Das LHO ist ein hämodynamisch und endokrin relevantes Organ [10]. Im Endokard des LHO wird das atriale natriuretische Peptid gespeichert und – sofern ein Dehnungsreiz vorliegt – freigesetzt [11]. Über die Langzeitauswirkungen einer Eliminierung des LHO gibt es nur wenige Daten. Nach Verschluss des LHO wurde ein Rückgang der Serum Konzentration des atrialen natriuretischen Peptids gemessen [12]. Ob ein LHO-Verschluss das Entstehen oder die Aggravierung einer Herzinsuffizienz begünstigt, ist unbekannt, da dies nicht als „Komplikation“ in den Langzeitbeobachtungsstudien gezählt wird.

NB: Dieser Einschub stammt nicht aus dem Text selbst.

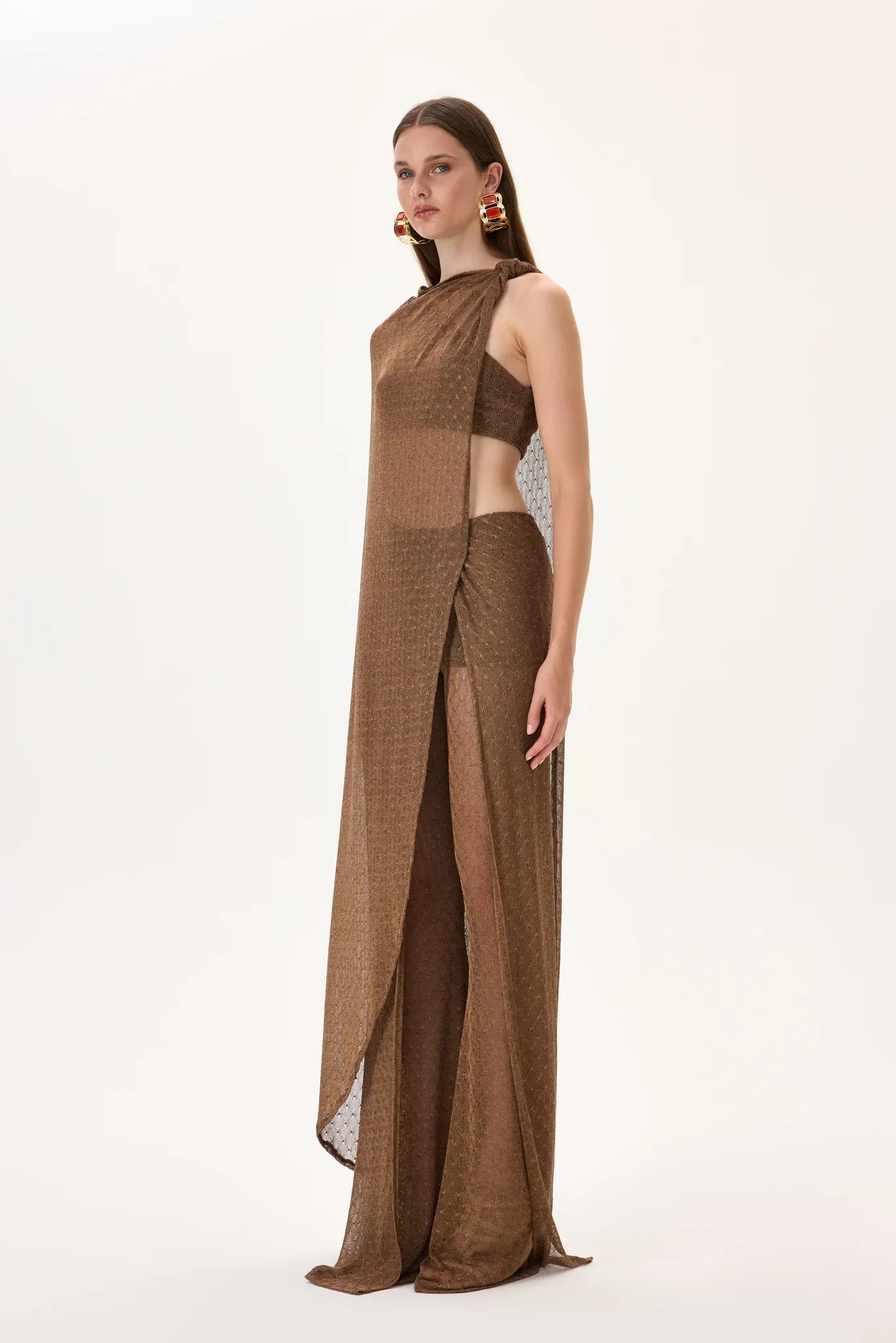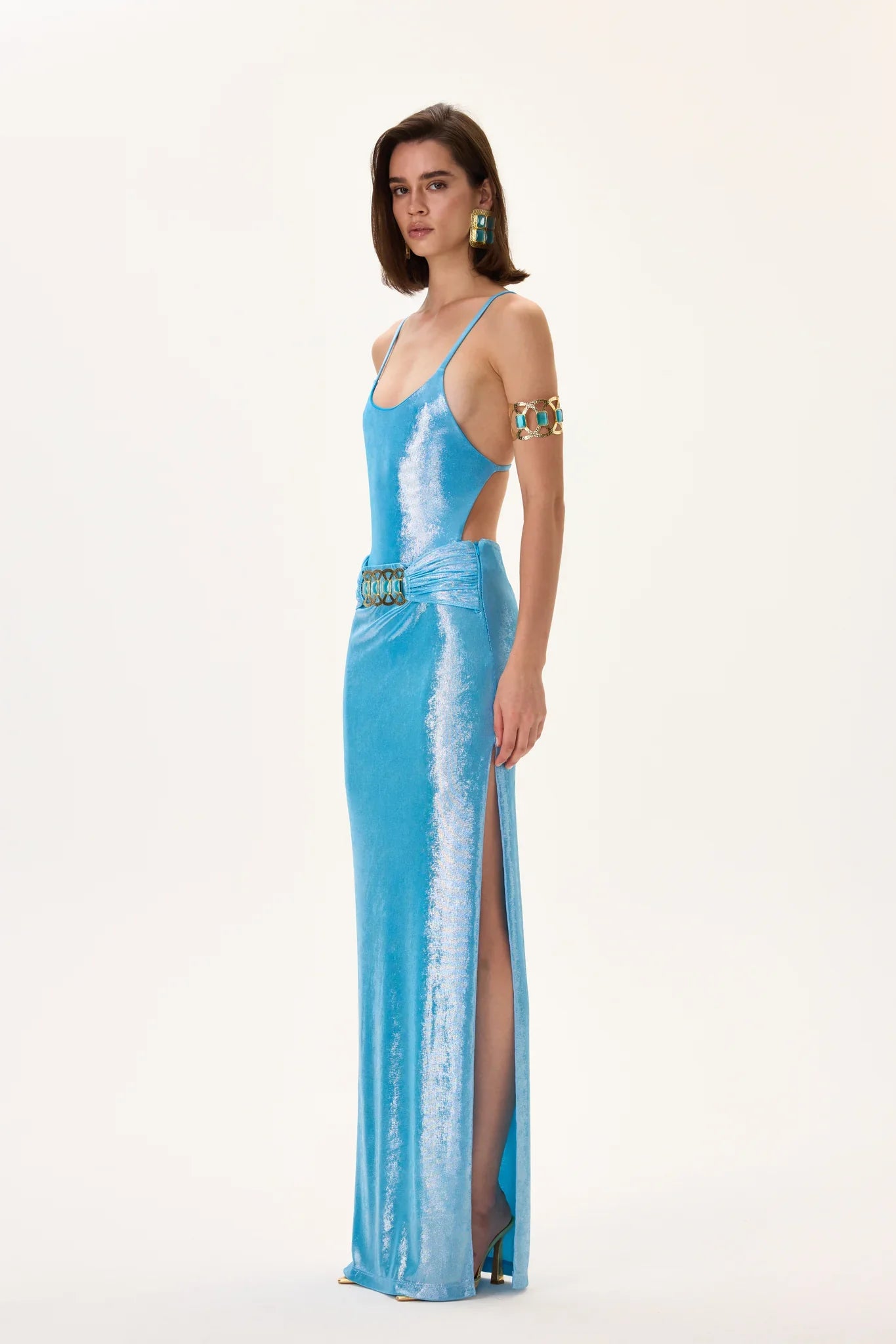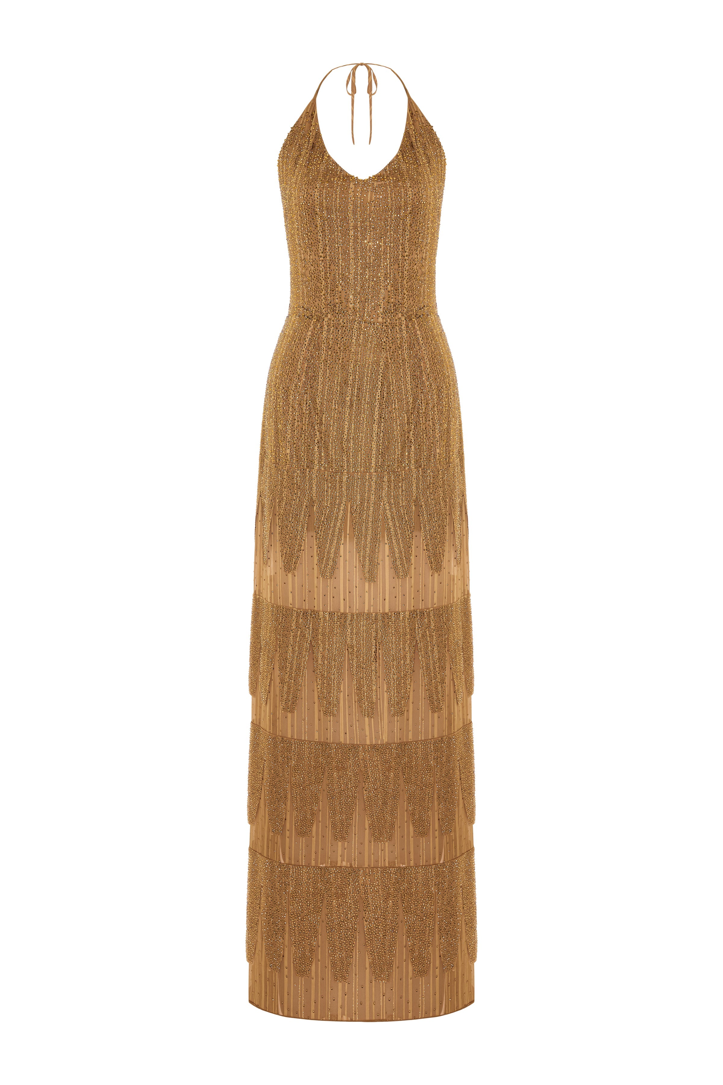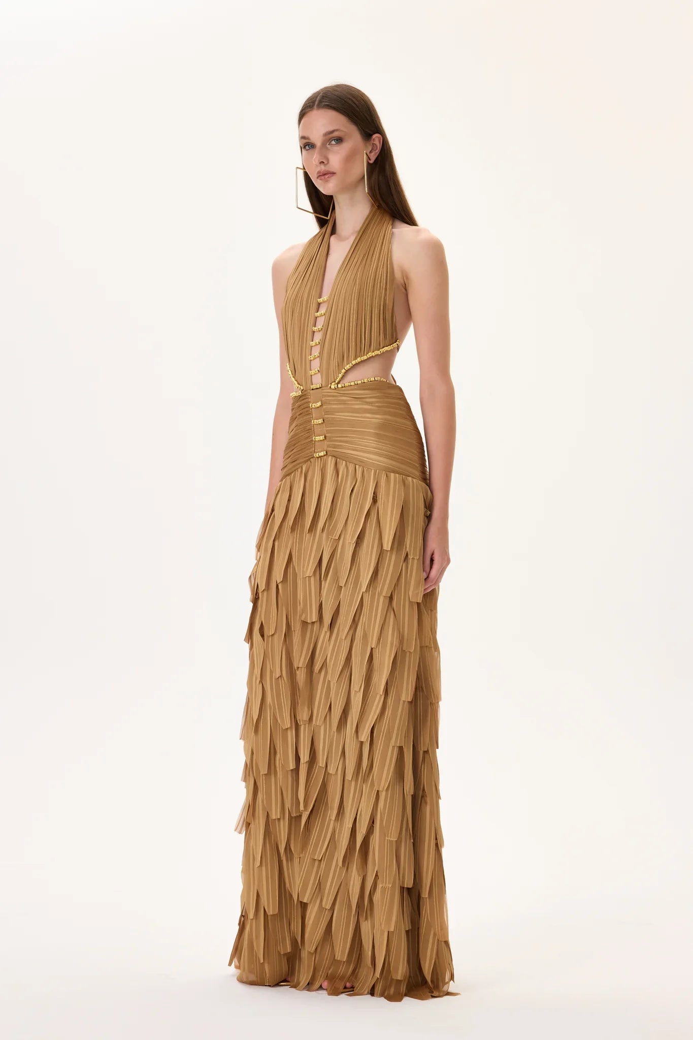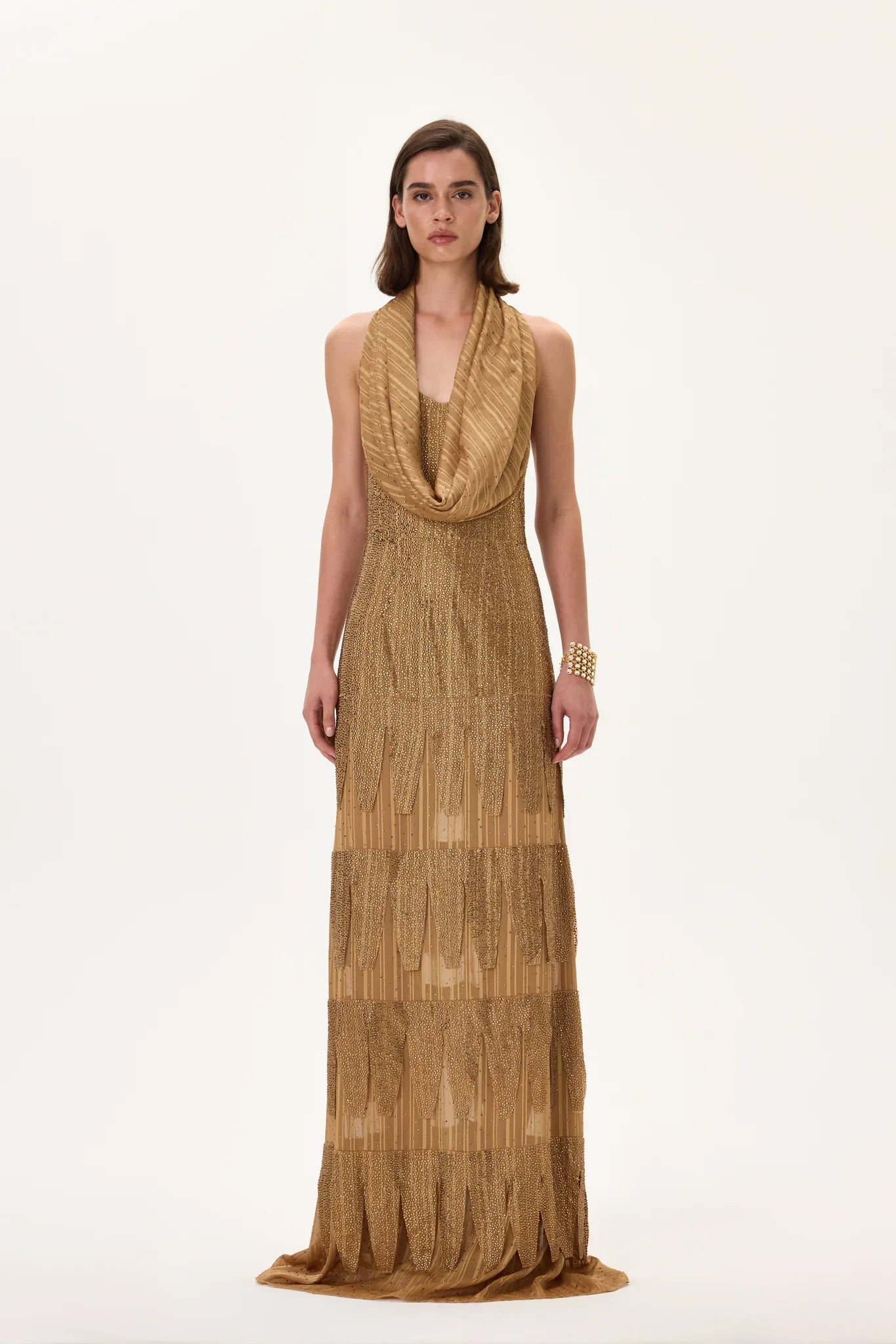 Metallic Jersey Halter Neck Maxi Gown With Gold Back Accessory

Der LHO-Verschluss ist heute sicherlich besser machbar als noch vor einigen Jahren. Ob wir unseren Patienten damit aber mehr nützen als schaden, ist derzeit unklar. Aus diesen Gründen halten wir es für verfrüht, den LHO-Verschluss für Patienten als Therapie zu empfehlen, bei denen orale Antikoagulantien kontraindiziert sind. Wir brauchen mehr Daten aus randomisierten Studien, die auch die Langzeitwirkungen dieser Therapie erfassen.